In fact, in recent years many of these sites have added features to stop things like this happening and to reduce the amount of spam that you get, if any, and the ability to moderate your own comments etc.
Concerning spam- it happens, you can’t really get away from that, but on these sites there has been a great deal of time reducing the amount you receive. These days there’s much less than there was- and if you feel like someone is spamming you can simply remove them. If you find someone is eating up your Twitter feed with a continual pointless/uninteresting update then you can simply ignore that by not following them anymore.
Despite what some people will tell you, the internet is not a place where spam is as common as it used to be and it’s actually quite pleasant.

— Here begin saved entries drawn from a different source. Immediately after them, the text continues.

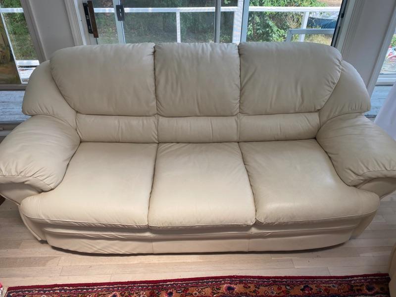 Sofa is missing one foot in front / measuring 80” x 36” x 36” t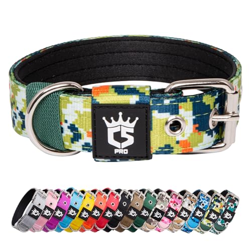TSPRO Taktiskt Hundhalsband Tjockt Hundhalsband 3,3 cm Brett Starkt Hundhalsband med Metallspänne Justerbar Halsband för Hund passa 32-40 cm Nacke (Camo Grön S)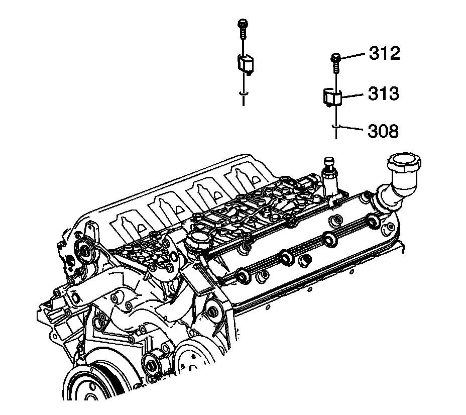 7. Remove the engine coolant air bleed cover bolts (312).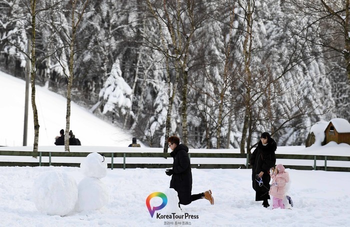 | ▲ 31일 대관령 양떼목장을 찾은 가족이 눈사람을 만들고 있다. |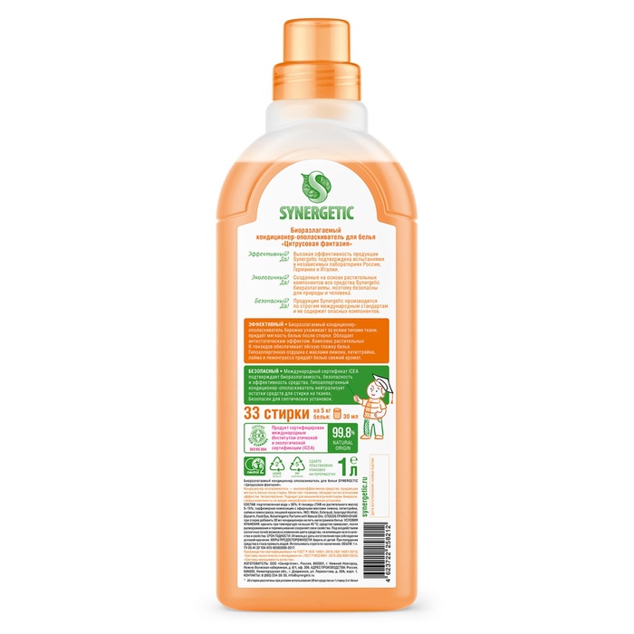 Кондиционер-ополаскиватель для белья Synergetic «Нежное прикосновение», детский, гипоаллергенный,5 л
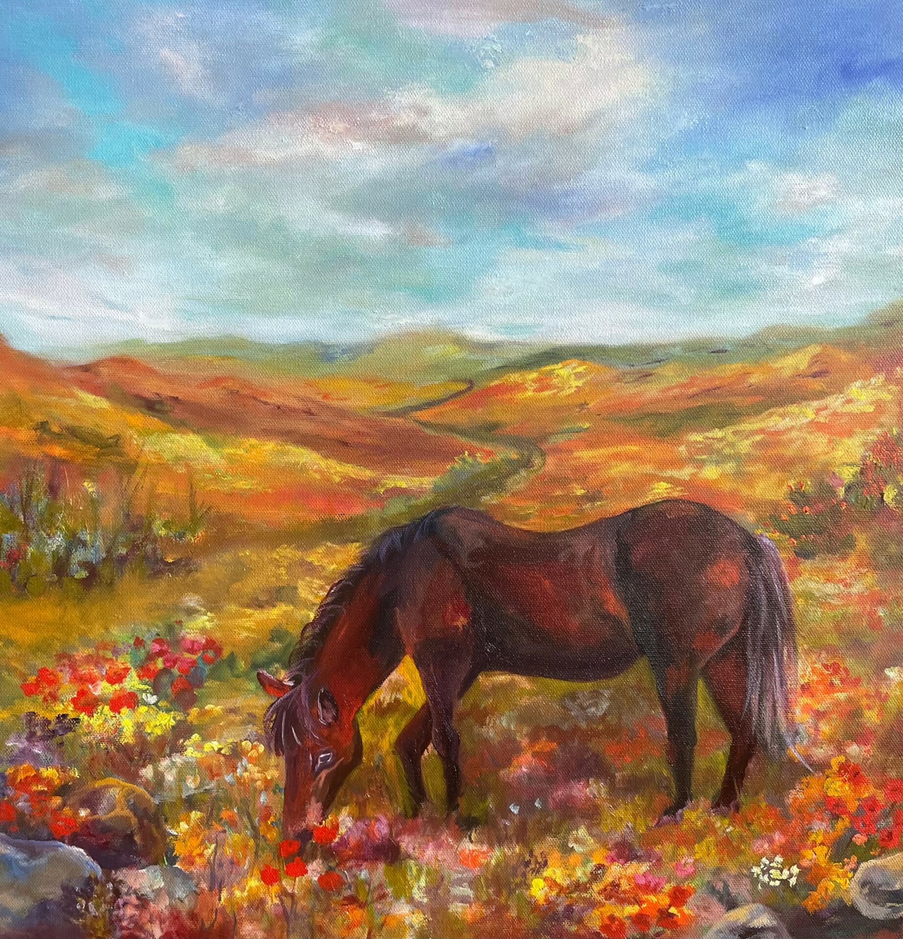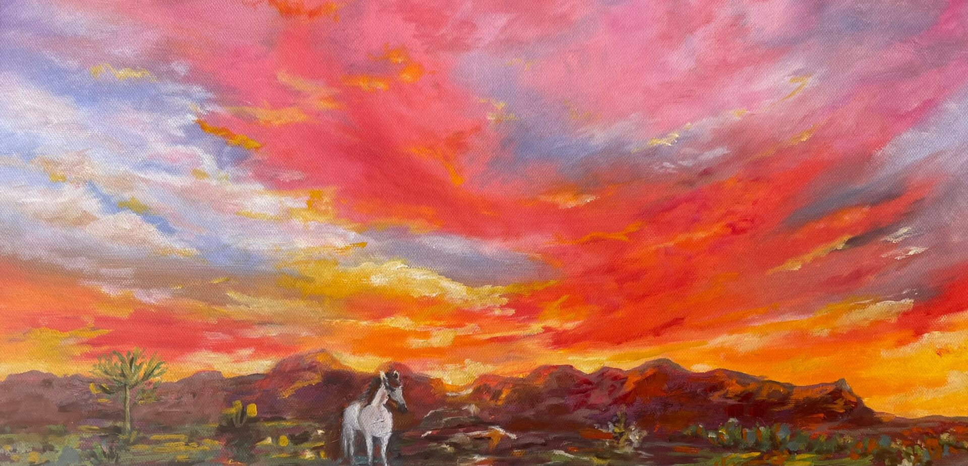 This past year I started a series of oil paintings of the majestic wild horses. I have painted them enjoying the beautiful super bloom that we experienced last spring. I have also painted them enjoying the lower Salt River. While I am still adding to my wild horse collection, I have also been painting the incredible mountains and skies.

Concerning the numbers game- we all experience some people, sometimes, that just want to have as many friends as possible even if they don’t physically know them but again there’s a few ways to stop this happening. Privacy controls, for one. Blocking/reporting the user in question or taking them off of your list, for another.
Concerning privacy- there’s a lot of horror stories about ID theft on the internet and there’s even more stories about how someone found out something, from a page, on the internet, they were browsing. This is why privacy controls were invented!
Most, if not all, sites have these controls now and they can practically make you invisible for all intents and purposes. For example, on Facebook you can list yourself as omitted from the search. Even if they search for you by name, school, friends, interests or anything else they know about you- they’ll never find you.
Equally, you can set all of your updates to “Friends Only” meaning only those you’ve accepted requests from, or sent to, can see your updates. Although, setting yourself as nigh on impossible to find would be a bad idea for the purposes of networking but you can set your profile information to “Friends Only”. That way, people can still search you but they can’t read your
information unless you say they can.
Above all things, be sensible! They can’t take what isn’t there and if you don’t list everything about yourself from shoe size to last dental check up- they can’t see it.
Thereby the greatest lesson is to be ever vigilant with what you share, so that you share enough that people can find you but you’re not leaking inside information with people not privileged to view it.
Thank you for reading- as always!
We hope this has been an insightful look into social media and online networking.